When those three numbers are given, the critical sum of success can determine the p-value of the hypothesis test or vice versa. In this package, the critical sum of success is calculated under the condition that theta is 1 and p-value is no larger than 0.05. Then, fix critical sum of success, as the theta shrink down to 0.5, the corresponding p-values are recorded. Those information will be used when making the decision of hypothesis test.

Essentially theta represents the intensity of the cluster. Clusters that are still able to be detected under smaller theta in a hypothesis test means clusters have higher intensity.

Estimating exactly distribution of scan statistics is a NP-hard problem. This package provides two ways to do that:

AnomDetct::prob_fun_mc: Monte Carlo simulation.
AnomDetct::prob_fun: an approximation by 1-dependent stationary sequences [see @Haiman-2007].

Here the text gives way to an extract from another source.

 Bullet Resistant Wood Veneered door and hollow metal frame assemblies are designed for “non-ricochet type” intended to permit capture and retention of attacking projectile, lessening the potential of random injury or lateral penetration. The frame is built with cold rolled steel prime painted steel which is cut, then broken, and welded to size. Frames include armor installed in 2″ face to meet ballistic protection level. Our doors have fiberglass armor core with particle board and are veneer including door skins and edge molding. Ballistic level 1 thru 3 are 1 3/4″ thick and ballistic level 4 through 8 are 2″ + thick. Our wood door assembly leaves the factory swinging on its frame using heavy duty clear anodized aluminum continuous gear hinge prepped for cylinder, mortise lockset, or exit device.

Monte Carlo simultion takes too long time for the estimation while the 1-dependent stationary sequences approximation has restrictions. In general, Monte Carlo simultion is not recommended.

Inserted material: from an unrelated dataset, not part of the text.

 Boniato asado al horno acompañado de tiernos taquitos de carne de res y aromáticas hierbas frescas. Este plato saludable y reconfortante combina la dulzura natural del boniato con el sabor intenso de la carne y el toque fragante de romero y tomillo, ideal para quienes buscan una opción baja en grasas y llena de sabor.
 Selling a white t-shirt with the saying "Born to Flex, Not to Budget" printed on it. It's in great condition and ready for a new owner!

# set test significant level
alpha_lvl <- 0.05

# set sequence of theta that users want to put in test. 
theta_th <- 1
seq_theta <- seq(0.5, 1, by = 0.05)*theta_th

# minmum window length to use 1-dependent stationary sequences approximation
window_Haiman <- AnomDetct::Haiman_window_lth(N = N-1, p = 1-exp(-theta_th), 
                                              alpha = alpha_lvl, 
                                              lower_wl = 3, upper_wl = 100)

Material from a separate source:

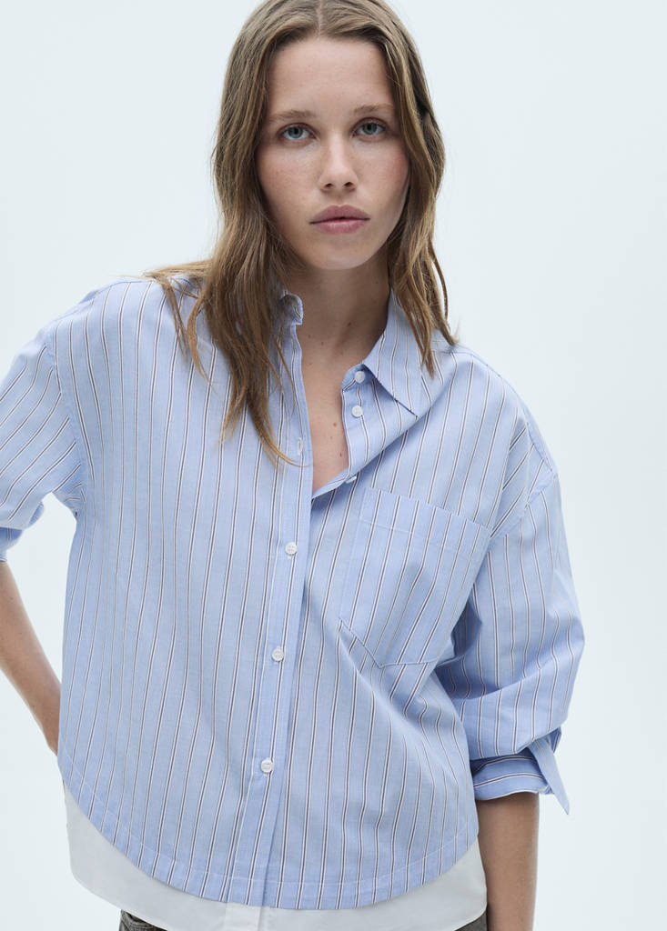Tejido popelín de algodón. Tejido mezcla algodón y lyocell. Diseño recto. Diseño combinado. Estampado de rayas. Cuello camisero. Manga larga con puños abotonados. Bajo en contraste. Disponible Plus. Cierre delantero con botones

window_lth <- max(window_Haiman, window_MLE)

# the minmum critical sum of success for giving alpha level under theta_th
min_crit <- AnomDetct::crit_theta_fun(N = N-1, window_l = window_lth, 
                                      p = 1-exp(-theta_th), alpha = alpha_lvl)

# the theoretical p-values and q-values for under different theta values
q_values <- mapply(AnomDetct::prob_fun, 1-exp(-seq_theta), 
                   MoreArgs = list(N = N-1, 
                                   k = min_crit, 
                                   m = window_lth))
p_values <- mapply(max, 1 - q_values, 0)

# This can also be done by Monte Carlo simulation
# p_values <- mapply(AnomDetct::prob_fun_mc, 1-exp(-seq_theta), 
#                    MoreArgs = list(N = N-1,
#                                    k = min_crit,
#                                    m = window_lth,
#                                    mc_rep = 1000))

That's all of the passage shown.